Hybrida tried a similar tactic at Histria but was defeated by the Bastarnian Scythians. Rome had been under the impression that the region had been conquered with Mithridates defeat, but while Hybrida and his men marched to occupy the city of Histria, they were attacked by a large cavalry force of Bastarnae. Hybrida and his cavalry force detached from the main column and retreated from the batlle, leaving the Roman infantry to be massacred.

==Aftermath==
=== Burebista ===
Various accounts set different starting dates for Burebista's reign. Jordanes, in his work "the origin and deeds of the goths" writes that Burebista was king during the time of Sulla, without an explicit date. Sulla was appointed dictator by the Senate in late 82 BC or early 81 BC. Grumeza, and Hitchins set Burebista's rule to begin in 82 BC. Jones and Ereira suggest that Burebista came to reign over the Dacians around 70 BC. Bunson, Middleton, and Schmitts suggest that Burebista's reign started around 60 BC.

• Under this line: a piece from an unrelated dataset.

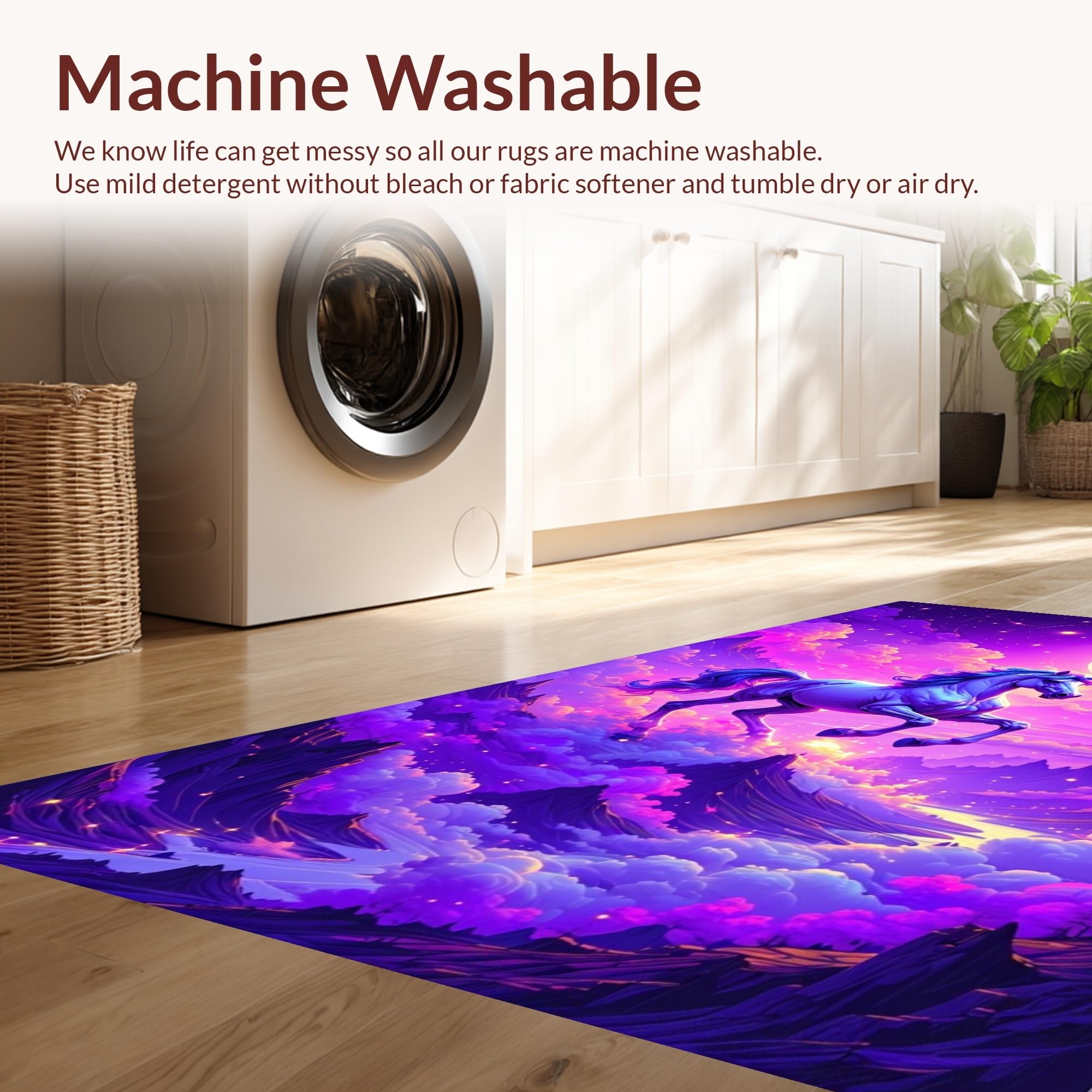 - Machine Washable: Our rugs can be easily thrown in the wash machine.

Burebista's rule is marked by the unity of the Dacian and Getae peoples and campaigns of expansion throughout the Danube. His campaign of expansion led to the destruction of the Boii, at the time led by Critasiros, and the Taurisci, residing in an area around modern-day Czech Republic and Slovakia. Further, Burebista led campaigns against the Celts living in Thrace and Illyria, which were likely the Scordisci, raided throughout Thrace and into Roman Macedonia, and subjugated the Greek polis', including Histria, Tomis, Apollonia, Odessos, and Dionysopolis along the Black Sea. To the north Burebista's campaigns led to the capture and control of the Greek merchant city of Olbia/Olbiopolis extending the border of the Dacian kingdom to the western bank of the Bug River. In Pannonia, the Dacians took over the fortified cities of Zemplin and Židovar and attacked the Celtic tribes that had expanded their lands towards the Black Sea. The Anarati, Pannoni, and Eravisci were also brought under the Dacian rule. Despite these conquests, the Breuci and Sagestani tribes remained defiant closing access to the Adriatic.

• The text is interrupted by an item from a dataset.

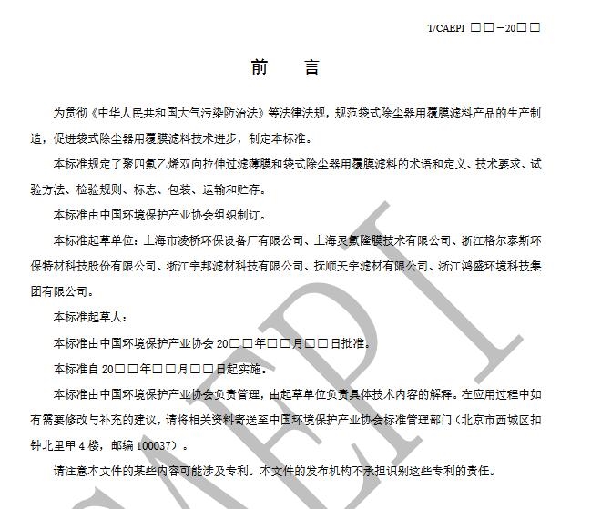 為規(guī)范袋式除塵器用覆膜濾料產(chǎn)品的生產(chǎn)制造,促進(jìn)袋式除塵器用覆膜濾料技術(shù)進(jìn)步,我會(huì)下達(dá)編制中國(guó)環(huán)境保護(hù)產(chǎn)業(yè)協(xié)會(huì)標(biāo)準(zhǔn)《袋式除塵器用覆膜濾料技術(shù)要求》。目前,已完成標(biāo)準(zhǔn)的征求意見(jiàn)稿。根據(jù)《中國(guó)環(huán)境保護(hù)產(chǎn)業(yè)協(xié)會(huì)標(biāo)準(zhǔn)管理辦法》的規(guī)定,現(xiàn)將該標(biāo)準(zhǔn)征求意見(jiàn)稿和有關(guān)材料印送給你們,請(qǐng)研究并提出書面意見(jiàn),于2021年2月10日前反饋我會(huì)。

In 48 BC, Pompey sought Burebista's assistance in his war against Caesar, but the Battle of Pharsalus ended any chance of an alliance between the two. Caesar intended to lead a campaign against Burebista and the Dacians, as part of a larger campaign planned to go through to Parthia, but this plan did not come to fruition as in 44 BC, both Caesar and Burebista were assassinated. After Burebista's death, a revolt led to the disintegration of the Dacian kingdom into four parts, and, by the time of Augustus, into five parts.

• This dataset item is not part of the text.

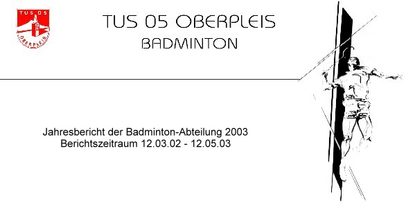 01. Mitgliederzahl Am 01.01.2003 hatte die Abteilung 184 Mitglieder, davon 60 Jugendliche. Der Zuwachs von 6 Mitgliedern gegenüber 2002 resultierte aus 21 Abmeldungen bei gleichzeitig 27 Neuanmeldungen. 02. Übungsleiter In der Saison 2002/2003 waren als Trainer bzw. Übungsleiter tätig: Li Ang - Senioren, U19 Richard Lemke -Jugend 1, U17 Harald Sobkowski - U19,U17 Björn Larsen - Jugend 2 Fabian Sobkowski - Schüler 1 Martin Lemke - Schüler 2 Vanessa Karper - Einsteiger Karin Stricker - Einsteiger Hans Keßler - Hobbygruppe 03. Verbandsmeisterschaften 11 Mannschaften des TuS 05 nahmen an den Verbandsmeisterschaftssspielen teil (7 Senioren-, 4 Juniorenmannschaften). In NRW gibt es aktuell 631 Badmintonvereine bzw. Vereine mit Badminton-Abteilungen. Davon meldeten 4 Vereine 12 Mannschaften für die Meisterschaftsspiele an. Bereits an 5. Stelle folgte der TuS 05 Oberpleis mit seinen 11 Mannschaften. Von der Mitgliederzahl her liegt der TuS 05 auf Platz 28 der NRW-Vereine. Während die meisten Seniorenmannschaften in der oberen Tabellenhälfte ins Ziel kamen, konnte die gerade erst aufgestiegene 2. Mannschaft leider die Klasse nicht halten. Nur erfreuliche Meldungen gab es im Jugendbereich. Die Jugend 1 in der Sonderklasse und die Schüler 1 errangen jeweils den Meistertitel in ihren Gruppen. Die Abschlusstabellen sind diesem Bericht als Anlage beigefügt. Für die kommende Saison wurden insgesamt 12 Mannschaften gemeldet, da 6 Jugendspieler zu den Senioren aufrücken. 04. 1. Mannschaft in der Oberliga Die 1. Mannschaft spielte im zweiten aufeinanderfolgenden Jahr in der Oberliga Süd. Trotz des Weggangs unserer besten Dame, Mirella Engelhardt (die nach Beuel abwanderte und dort in der 1. Bundesliga spielte), wurde der Klassenerhalt mit Platz 5 sicher geschafft. Ein besserer Platz wurde in der Rückrunde verspielt, weil zu oft wichtige Leistungsträger wegen Verletzungen fehlten. Herausragende Akteur der Mannschaft war wiederum der frühere chinesische Nationalspieler Li Ang (Spielertrainer). Die weiteren Stammspieler waren Anne-Katrin Seid, Linda Walter, Ramzi Abdul Rahim, Stefan Mandrella, Stephan Krämer und Dirk Engelmann. Darüber hinaus wurden eingesetzt: Karin Stricker und Astrid Steinbach. 05. Li Ang Der Vertrag mit Spielertrainer Li Ang konnte Ende Februar 03 bis einschließlich April 2004 verlängert werden. 06. Turniererfolge Mitglieder der Abteilung besuchten über 25 Turniere, dabei lag das Hauptaugenmerk auf den Junioren, bei denen Jugendwart Richard Lemke mit seinen Schützlingen 21 Turniere besuchte. Turniersieger und -siegerinnen wurden: Franziska Schröder (Mädchen U15 Weilerswist 2002) Hannah Pohl (Mädchen U9 Lohmar) Kristin Schönherr (Mädchen U11 Lohmar) Kristin Schönherr (Mädchen U11 Beuel) Lisa Kaminski/Alina Pohl (Mädchendoppel U13 Brauweiler) Martin Lemke/Benjamin Bachmann (Jungendoppel U17 Leverkusen) Kristin Schönherr (Mädchen U11 Refrath, Bezirksmeisterin) Martin Gerber (Jungen U11 Weilerswist 2003) Stefan Lemke (Jungen U15 Weilerswist 2003). An den Westdeutschen Meisterschaften U13 in Rheine nahmen Lisa Kaminski, Alina Pohl und Stefan Lemke teil (unter den jeweils 24 Jahrgangsbeste aus NRW). Weitere Turnierteilnahmen und Platzierungen sind dem Bericht als Anlage beigefügt. 07. Abteilungsvorstand Der Abteilungsvorstand setzt sich folgendermaßen zusammen: Abteilungsleiter Alfred Bellinghausen (zuletzt wiedergewählt am 25.03.03) Stellvertreterin Monika Pohl Stellvertreter und Finanzverwalter Harald Sobkowski Geschäftsführer HP Giesen Jugendwart Richard Lemke Manager 1. Mannschaft Stephan Krämer Beisitzer Jochen Quick Beisitzer Fabian Sobkowski. Der Abteilungsvorstand traf sich im Berichtszeitraum zu 7 Sitzungen. 08. Vorstandstour Die traditionelle Vorstandstour fand wieder am Karnevalsfreitag statt und führte, wie immer, nach Köln. 09. Sportler des Jahres Als 'Sportler des Jahres' der Abteilung wurde 2002 die 1. Senioren-Mannschaft, die sich so ausgezeichnet in der Oberliga behauptet, geehrt. 10. Markkleeberg Der befreundete Sportverein TSV 1886 Markkleeberg (bei Leipzig) besuchte uns vom 21. - 23. Juni 2002. Der nächste Besuch des TuS 05 Oberpleis in Markkleeberg wird vom 11. - 13. Juli 2003 stattfinden. Das ist dann bereits das 21. Treffen der beiden Vereine. 11. Englische Freunde Von unseren englischen Freunden kam Chris Tozer aus Norwich für ein Wochenende nach Oberpleis. 12. Hobbygruppe Wer Badminton hobbymäßig betreiben will, findet einen Platz in der Hobbygruppe unter der Leitung von Hans Keßler, die seit ihrer Neuformierung 1993 nun 10 Jahre besteht (montags 20:00 - 21:45 Uhr, Sporthalle 2 im Schulzentrum). 13. Internationaler Schiedsrichter Unser internationaler Schiedsrichter und Referee Werner Lammerich war neben seinen Einsätzen bei Bundesligaspielen als Schiedsrichter beim Länderspiel Deutschland-Dänemark, bei den German Open und bei internationalen Turnieren in Irland (Belfast) und Holland (Den Haag) im Einsatz. 14. Maifest Am 30.04.02 sowie am 30.04.03 fanden das 15. und 16. Maifest der Abteilung jeweils in Boseroth am Lützbach statt. Die Teilnehmerzahlen bewegten sich in der Region von 50 Personen. 15. Wanderungen Abteilungs-Wanderungen ('Schlendertage') fanden am 04. Mai 2002 zur Erpeler Ley und am 10. Mai 2003 zur Wahnbachtalsperre statt. 16. Herbstfest 147 Besucher kamen zum 18. Herbstfest der Abteilung am 26.10.02 im Sägewerk (Tischlerei Pohl). 17. Weihnachtsfeier Die 22. Weihnachtsfeier der Abteilung wurde am 21.12.02 von 120 Personen im Kakao-Palast besucht. Als Hl. Mann fungierte Kajo Miebach, der von Marie Bellinghausen unterstützt wurde. 18. Karneval Eine große Gruppe aus der Abteilung beteiligte sich traditionell beim Karneval des TuS 05 Oberpleis. Beim Preismaskenball konnte mit dem Kostüm 'Autoscooter' bereits zum vierten Mal in Folge der 1. Preis in der Kategorie 'Gruppen' gewonnen werden. 19. Pressearbeit HP Giesen war weiterhin verantwortlich für die Berichterstattung in der Lokalpresse und im General-

=== Subjugation of Dacia ===
Between Tiberius' and Domitian's reigns as Emperor, Dacian activity was minimal. They had divided into smaller tribes following Burebista's death and posed no serious threat to the Roman Empire until the ascension of Decebalus to the throne in 85–86 AD. Decebalus, like Burebista, successfully united the Dacians and earned a reputation as a competent leader and military commander. His rule saw raiding into Moesia, Illyria, and Macedonia by the Dacians. The scale and intensity of which prompted Domitian to send the praetorian prefect Fuscus with a large contingent force to combat the raiders. Decebalus attempted to negotiate peace with Domitian, but the overconfident emperor rejected the offer. In the end, Decebalus set up an ambush which saw Fuscus and his forces massacred. This period of Dacian dominance ended after Trajan became emperor in 98. Trajan waged two wars against the Dacians in 101–102 and 105–106. The first war ended in a temporary peace that was not respected by the Dacians resulting in a second war that ended with a permanent defeat of the Dacians, the death of Decebalus, and a substantial portion of Dacia being turned into a Roman province.